The beginner’s mindset
Ask Claude to teach you. This one habit accelerates learning faster than anything else.
When you encounter a file you do not understand - explain why this is a YAML file and not markdown
When you download someone else’s skill - explain why this skill works and what could be improved
When you want to improve your repo - analyze this repository structure and suggest improvements
The prompt I run every day -
Research everything Anthropic shipped in the last 90 days. Read the top Claude Code influencers and their best posts. Compare my setup to the latest features. Tell me how to 10x my setup.Claude’s training data gets stale. This prompt forces it to find what is new and apply it to your system.
I covered this progression in my AI PM learning roadmap. Claude Code fluency is one of the highest-leverage skills on it.
The automation-to-learning loop
If you only have two hours this weekend, ask one question - what can I automate to free up six hours next week?
The flywheel -
Automate one task → Free up time
Use freed time to learn → Improve your repo
Better repo → More automation possible
More automation → Even more time freed
Every MCP you hook up makes the system more powerful.

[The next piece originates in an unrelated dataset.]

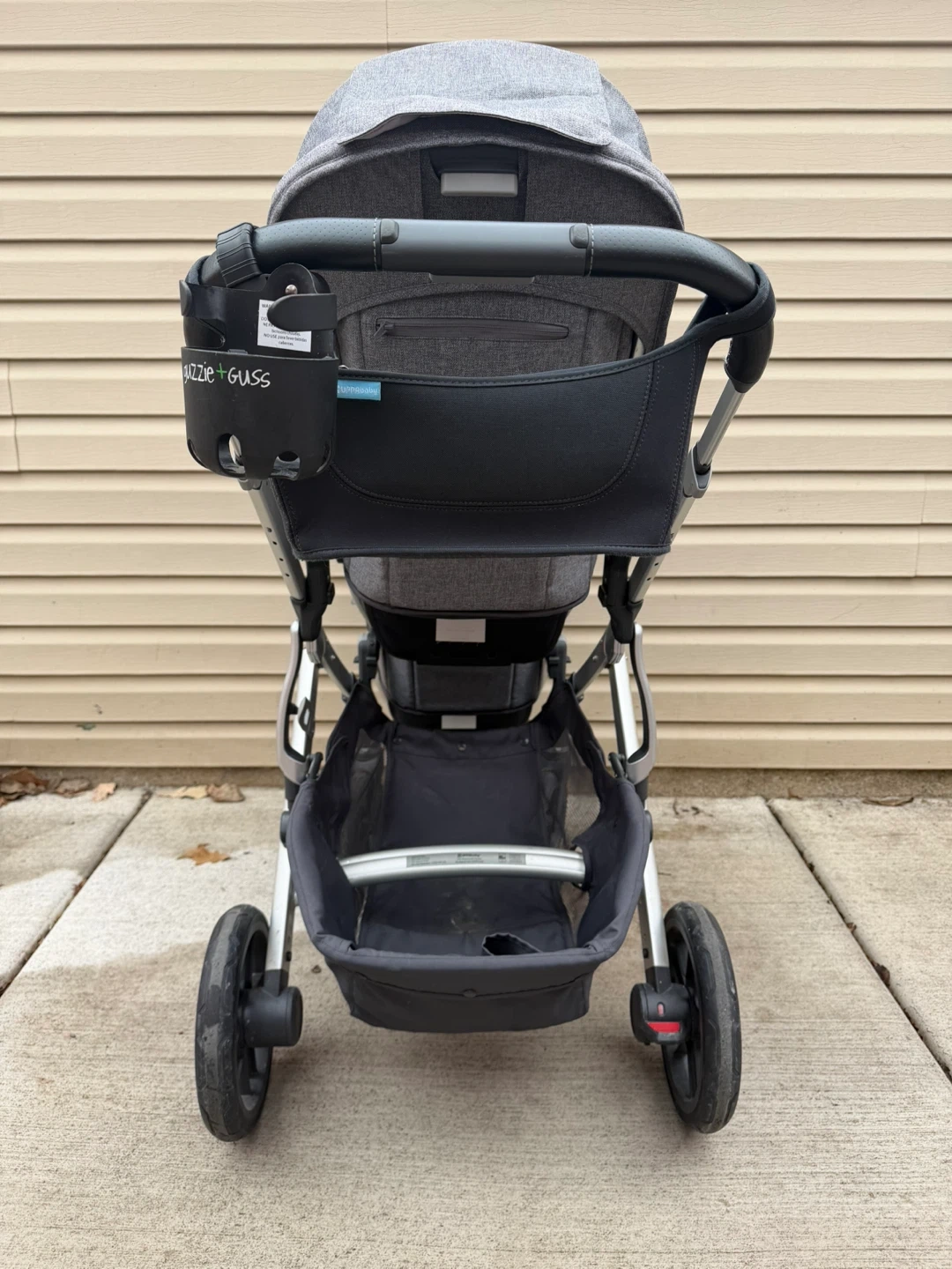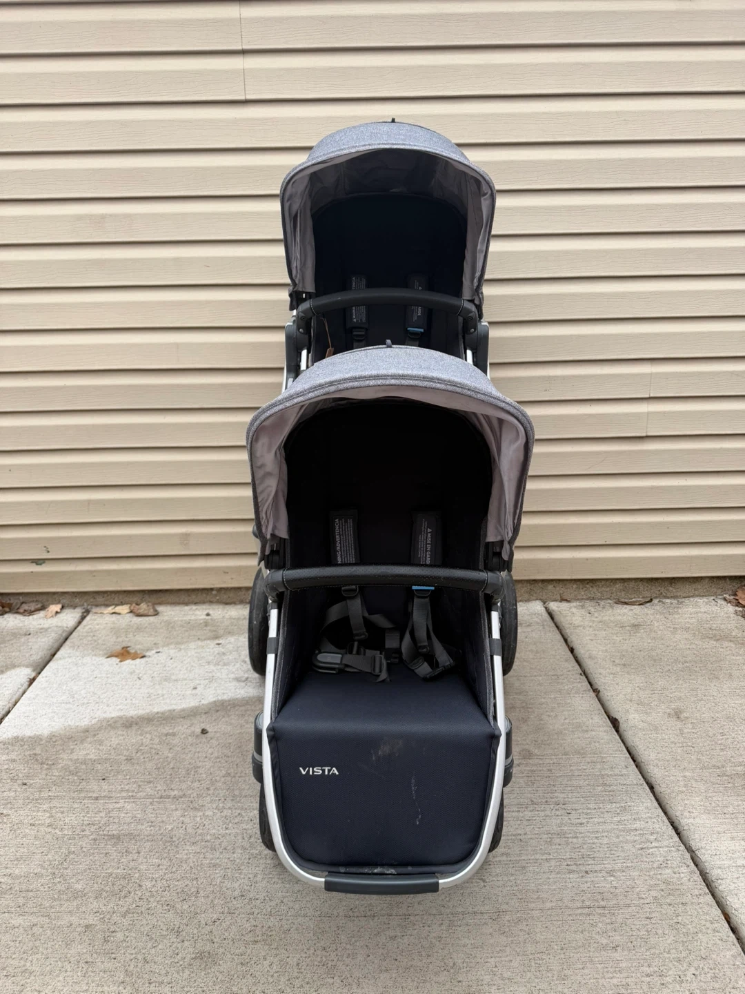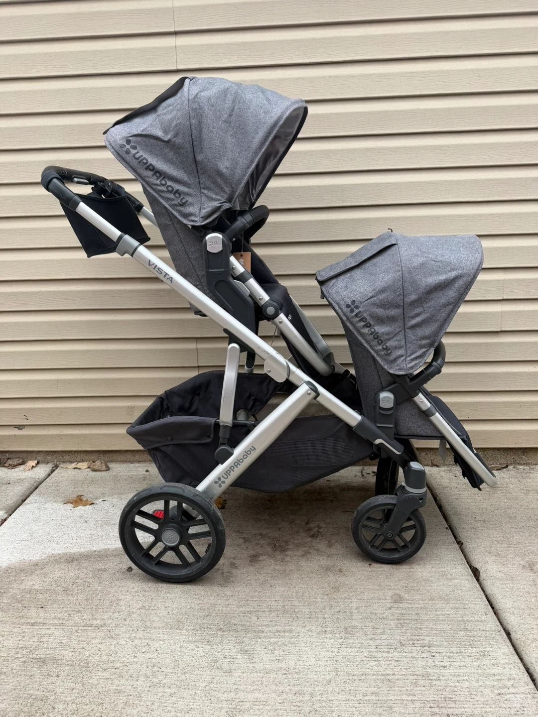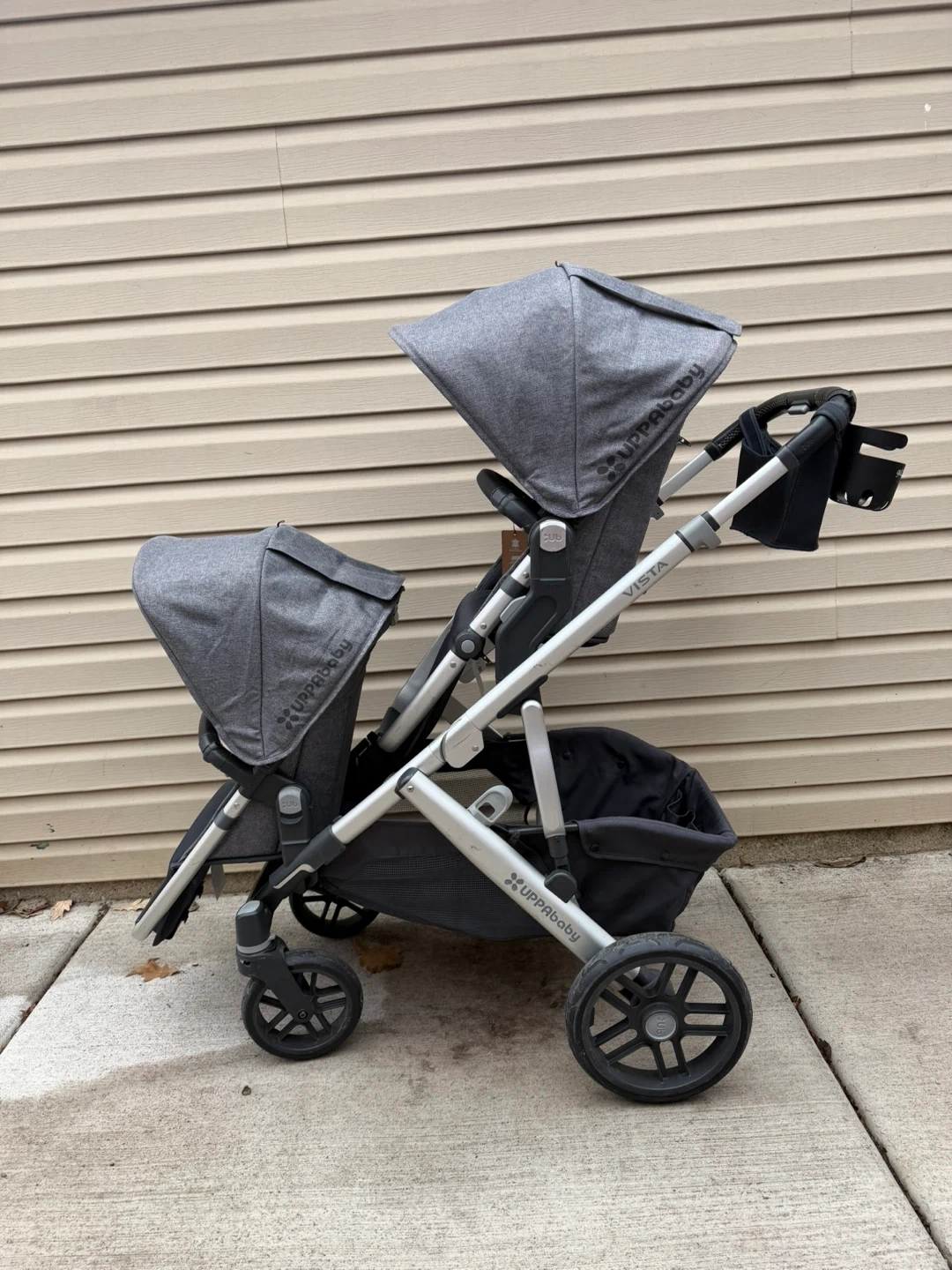 This is a gray UPPAbaby Vista double stroller. It has two seats and a large storage basket. The stroller includes a parent console and cup holder.

The rule from the episode - any core software you use daily should be connected. The limit does not exist.
Shared automations compound the flywheel across the team. A weekly customer research synthesis that posts to Slack. A PR notification command that tags the right reviewer. A metrics check that runs every morning.
Mistakes that stall progress
Giving up after day one. Building a Team OS takes weeks. You are building infrastructure, not running a prompt. Commit to 30 days.
Copying without understanding. People download skills from the internet. Do not know why they work. When they break, they cannot fix them. Always ask Claude to explain first.
Treating it as a coding tool. The most misleading name in AI. Most PM time in Claude Code is writing docs, doing analysis, building prototypes, running automations. Not writing code.
Not clearing between tasks. Type
clearwhen switching. Leftover context pollutes results.Context rot. Not updating the repo. Claude uses outdated competitive intel. Outdated metrics. The repo must be a living system that every team member updates as part of their workflow.
The terminal is not scarier than a chatbot. Once you have typed into it for an hour or two, you feel comfortable. The barrier is psychological, not technical.
The PMs who build a Team OS this quarter multiply their leverage by 10x. The PMs who keep being the bottleneck for context just made themselves the slowest person on the team.